While the world’s media were heading to Cannes to traipse the Croisette and the red carpet (where, incidentally, our own Lynne Ramsay’s adaptation of We Need to Talk About Kevin has been very well received), MEDIA, the EU’s support scheme for pan-European collaboration last week announced the results of its latest round of funding.

The good news is that Accidental Media, a Scottish based company founded by Tomas Sheridan (an Edinburgh Napier graduate and 2009 participant in ENGAGE, Screen Academy Scotland’s European coproduction workshop which is itself funded by MEDIA) has secured Single Project Development funding for ‘Babel’s Market’ which was a runner-up in the 2009 ENGAGE competition.

Accidental’s €11,488 award amounts to 3% of the total €413,393 in single project funds awarded to UK-based companies so far this year.

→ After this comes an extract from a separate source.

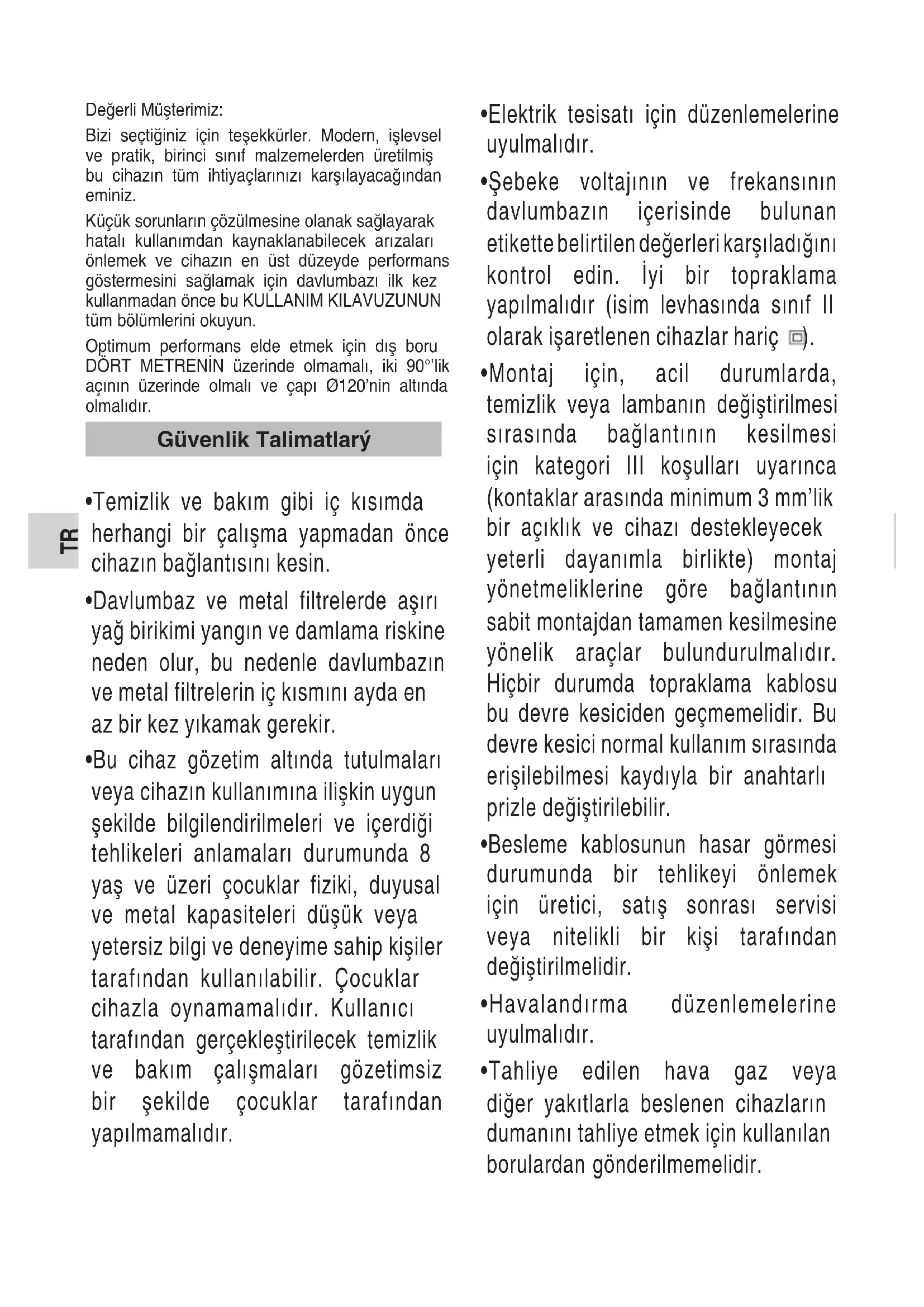 - Είναι πιθανό με την τοποθέτηση φίλτρων άνθρακα να παρατηρηθεί μείωση της ροής εξαγωγής στον απορροφητήρα.TR Değerli Müşterimiz: Bizi seçtiğiniz için teşekkürler. Modern, işlevsel ve pratik, birinci sınıf malzemelerden üretilmiş bu cihazın tüm ihtiyaçlarınızı karşılayacağından eminiz. Küçük sorunların çözülmesine olanak sağlayarak hatalı kullanımdan kaynaklanabilecek arızaları önlemek ve cihazın en üst düzeyde performans göstermesini sağlamak için davlumbazı ilk kez kullanmadan önce bu KULLANIM KILAVUZUNUN tüm bölümlerini okuyun. Optimum performans elde etmek için dış boru DÖRT METRENİN üzerinde olmamalı, iki 90°’lik açının üzerinde olmalı ve çapı Ø120’nin altında olmalıdır.

The less good news is that Accidental are the only Scottish beneficiaries out of nineteen UK companies awarded a total of €1.6m across all of the MEDIA schemes from single project and slate development to interactive projects and TV distribution.  That makes the Scottish share of MEDIA funds thus far (there’s a second call whose results will be announced later in the year) less than 1% of the UK total and would appear to the confirm the trend over the last decade which we noted here last October .

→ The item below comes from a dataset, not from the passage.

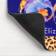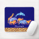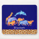 A personalized mousepad designed with an exotic orange colored leopard print border along the bottom. Illustrated with a digital watercolor image of a herd of wild animals running together. Animals include a jumping dolphin, a giraffe, elephant, kangaroo, rhino, lion and leopard. The background is a bluish purple color.

In itself the share of MEDIA funding secured by Scottish companies needn’t  automatically be cause for concern, but taken together with the seeming absence of much recent co-production activity across film or TV there are clear signs that the Scottish production sector is not securing the international finance or distribution that it arguably needs to ensure growth or indeed sustainability.  Cinema is almost inherently international these days as the UK domestic market is simply too small to finance anything other than ultra low budget films.  In television, while there is undoubtedly plenty of scope for Scottish companies to grow within the context of UK network commissions, co-production is an increasing opportunity if not a pre-requisite in higher-end factual programming in genres like natural history, history, science and arts.

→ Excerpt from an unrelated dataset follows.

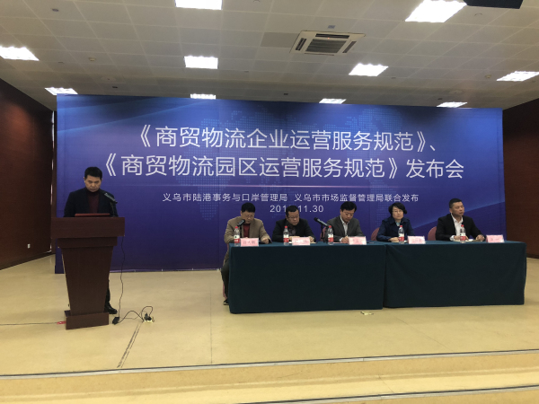 11月30日,《商貿物流企業(yè)運營(yíng)服務(wù)規范》、《商貿物流園區運營(yíng)服務(wù)規范》發(fā)布會(huì )在市國際博覽中心舉行。陸港集團作為規范起草單位,在會(huì )上作表態(tài)發(fā)言,倡導義烏物流園區運營(yíng)方、義烏物流企業(yè)切實(shí)落實(shí)兩個(gè)標準,為義烏物流轉型升級添磚加瓦。

While of course it’s gratifying that ENGAGE has helped at least one Scottish company on the road to international co-production, it would be good to see more alongside it  The development support available from the MEDIA programme is a very valuable aid to getting projects off the drawing board and into serious development and if there are reasons Scottish companies aren’t applying or are relatively less successful in securing support these clearly need to be addressed.